官网：APIs — AutoSklearn 0.15.0 documentation

源码：https://github.com/automl/auto-sklearn

主要功能：

自动学习样本数据: meta-learning，去学习样本数据的模样，自动推荐合适的模型。比如文本数据用什么模型比较好，比如很多的离散数据用什么模型好。
自动调超参：Bayesian optimizer，贝叶斯优化。
自动模型集成: build-ensemble，模型集成，在一般的比赛中都会用到的技巧。多个模型组合成一个更强更大的模型。往往能提高预测准确性。

2、安装

pip install auto-sklearn

或者

pip install --upgrade auto-sklearn -i https://pypi.douban.com/simple

导入库并打印版本号以确认它已成功安装

import autosklearn
print('autosklearn:%s'%autosklearn.__version__)
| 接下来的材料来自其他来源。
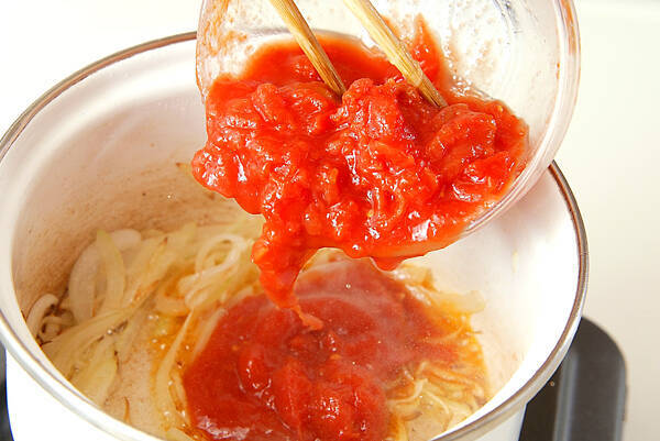 水煮トマトを加え、顆粒ブイヨンも加えて煮立てばシメジ、マッシュルームを加え弱めの中火にし、蓋をして3~4分煮てハンバーグを加え、更に1分煮込み、塩コショウで味を調える。(ときどき混ぜながら煮込んで下さい)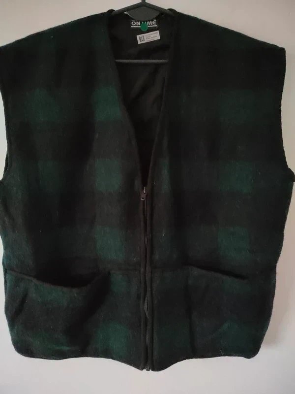 Klasyczna kamizelka/bezrękawnik wykonana z grubego, ciepłego materiału (prawdopodobnie wełna lub gruby polar/filc) w kultową, dużą, zielono-czarną kratę (tzw. Buffalo Check). Kamizelka jest zapinana na zamek błyskawiczny i ma dekolt w kształcie litery V. Posiada dwie duże, praktyczne kieszenie z przodu. Fason jest prosty i luźny (unisex).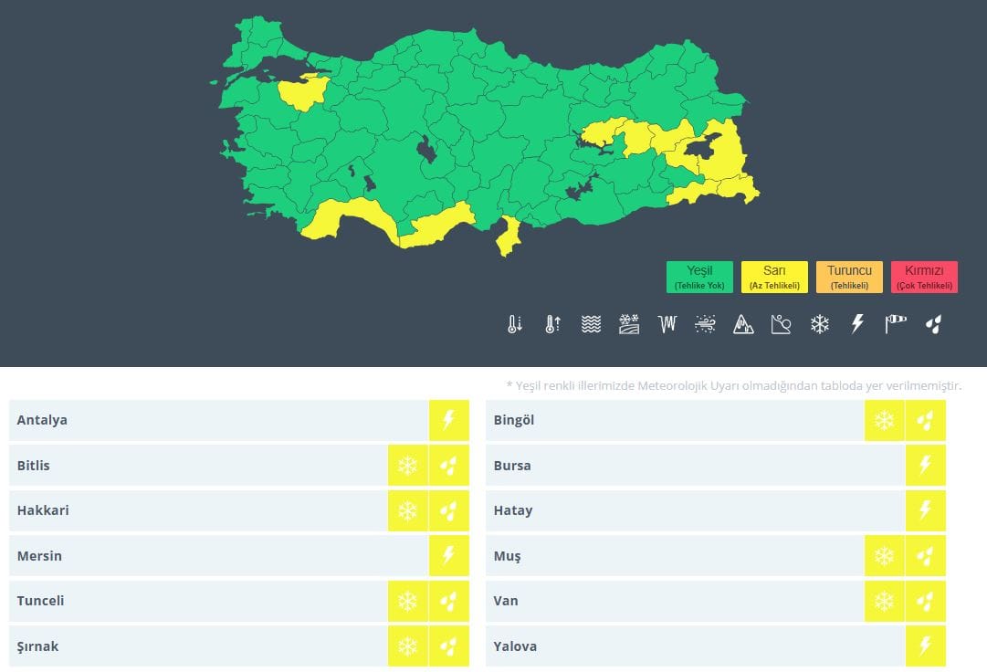 12 İLDE SARI KODLU ALARM VERDİKUVVETLİ YAĞIŞ UYARISI: Yağışların, Antalya’nın doğusu, Mersin'in batısı, Hatay, Kocaeli, Sakarya, Bursa, Bilecik, Bolu, Düzce, Tunceli, Bingöl, Muş, Bitlis, Şırnak, Hakkari ve Siirt çevrelerinde yerel kuvvetli olması beklendiğinden (ani sel, su baskını, yıldırım, yerel dolu yağışı, kıyılarda hortum, kuvvetli rüzgar ve fırtına ile ulaşımda aksamalar gibi) olumsuzluklara karşı dikkatli ve tedbirli olunması gerekmektedir.

根据预测任务的不同，是分类还是回归，可以创建和配置 AutoSklearnClassifier或 AutoSklearnRegressor类的实例，将其拟合到数据集上。然后可以使用生成的模型直接进行预测或保存到文件（使用pickle）以供以后使用。

3、使用方法

加载数据

from pprint import pprint
import sklearn.datasets
import sklearn.metrics
import autosklearn.classification

X, y = sklearn.datasets.load_breast_cancer(return_X_y=True)
X_train, X_test, y_train, y_test = sklearn.model_selection.train_test_split(
    X, y, random_state=1
)

使用make_scorer封装我们自己的评价函数

import autosklearn.classification
import numpy as np
import pandas as pd
import sklearn.datasets
import sklearn.metrics
from autosklearn.metrics import balanced_accuracy, precision, recall, f1


def error(solution, prediction):
    # custom function defining error
    return np.mean(solution != prediction)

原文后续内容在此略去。